— Data extract —
[Start of section]
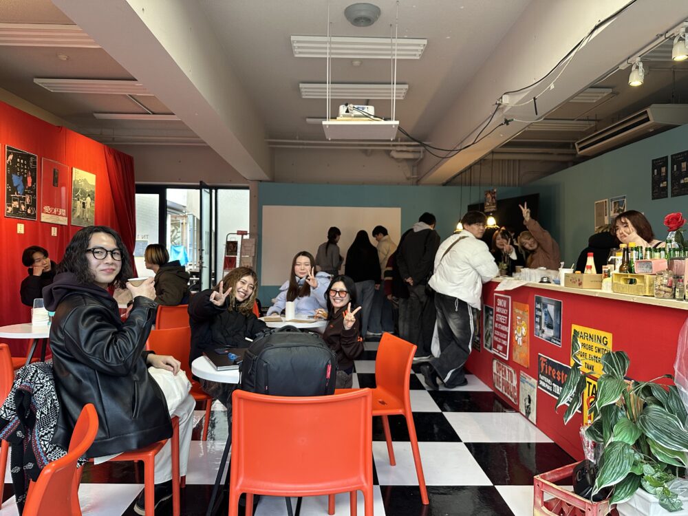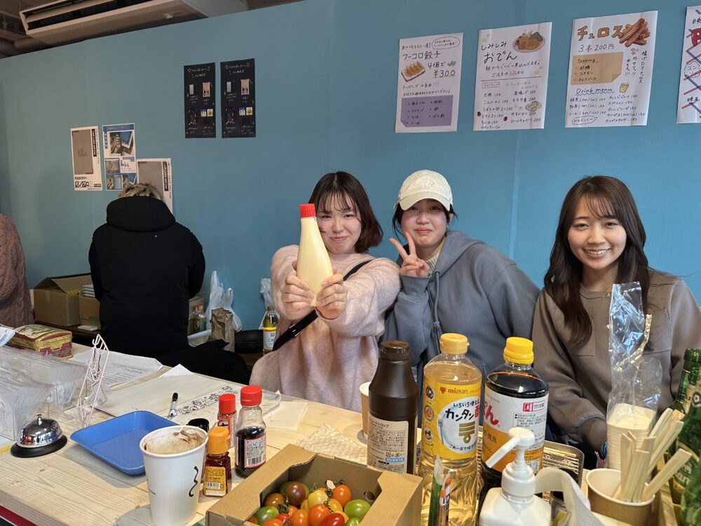 鞍馬口通り側の入口にあるのは映画館のロビー/コンセッション的な明るい雰囲気の特設カフェが! 普段はなんの変哲もない教室として使用しているTN11を大改装。ポップコーンやチュロス、飲み物(リーズナブル!)を始め、映画学科名物(?)のフーコロ餃子やおでんなど、盛り沢山の飲食メニューでご来場をお待ちしています。
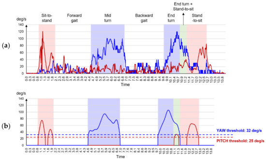 Example of identification of the TUG test sub-tasks (red line: PITCH signal; blue line: YAW signal): (a) rectification for raw data; (b) results of the TUG test data pre-processing for recognizing the TUG test sub-tasks.
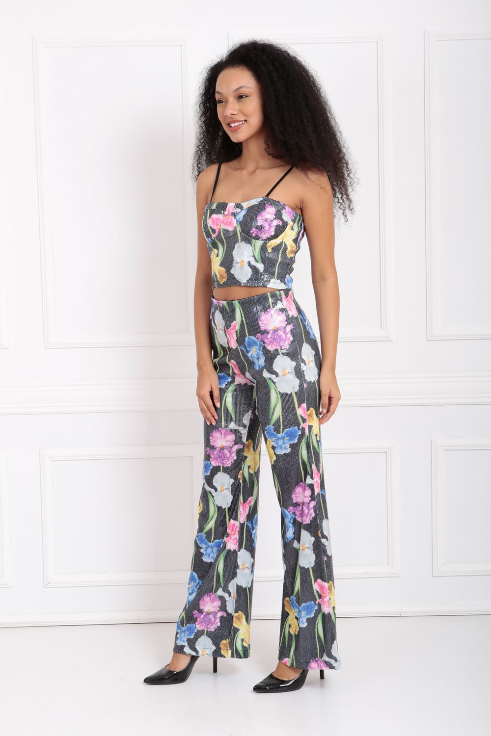 Sense Çiçekli Sense Geniş Paçalı Payet Pantolon | Pnt32440
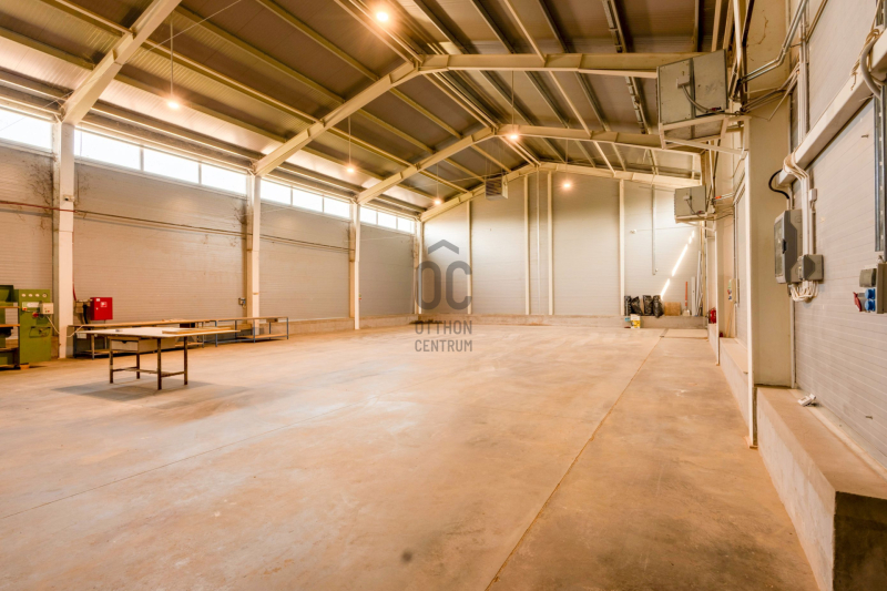 A korszerű, 390 nm-es, 9 m belmagasságú csarnok alkalmas többek közt raktározás, gyártás vagy műhely tevékenységre is.
[End of section]
— Assignment —
Exclude all images and return the listing word for word.

— Written solution —
 鞍馬口通り側の入口にあるのは映画館のロビー/コンセッション的な明るい雰囲気の特設カフェが! 普段はなんの変哲もない教室として使用しているTN11を大改装。ポップコーンやチュロス、飲み物(リーズナブル!)を始め、映画学科名物(?)のフーコロ餃子やおでんなど、盛り沢山の飲食メニューでご来場をお待ちしています。
 Example of identification of the TUG test sub-tasks (red line: PITCH signal; blue line: YAW signal): (a) rectification for raw data; (b) results of the TUG test data pre-processing for recognizing the TUG test sub-tasks.
 Sense Çiçekli Sense Geniş Paçalı Payet Pantolon | Pnt32440
 A korszerű, 390 nm-es, 9 m belmagasságú csarnok alkalmas többek közt raktározás, gyártás vagy műhely tevékenységre is.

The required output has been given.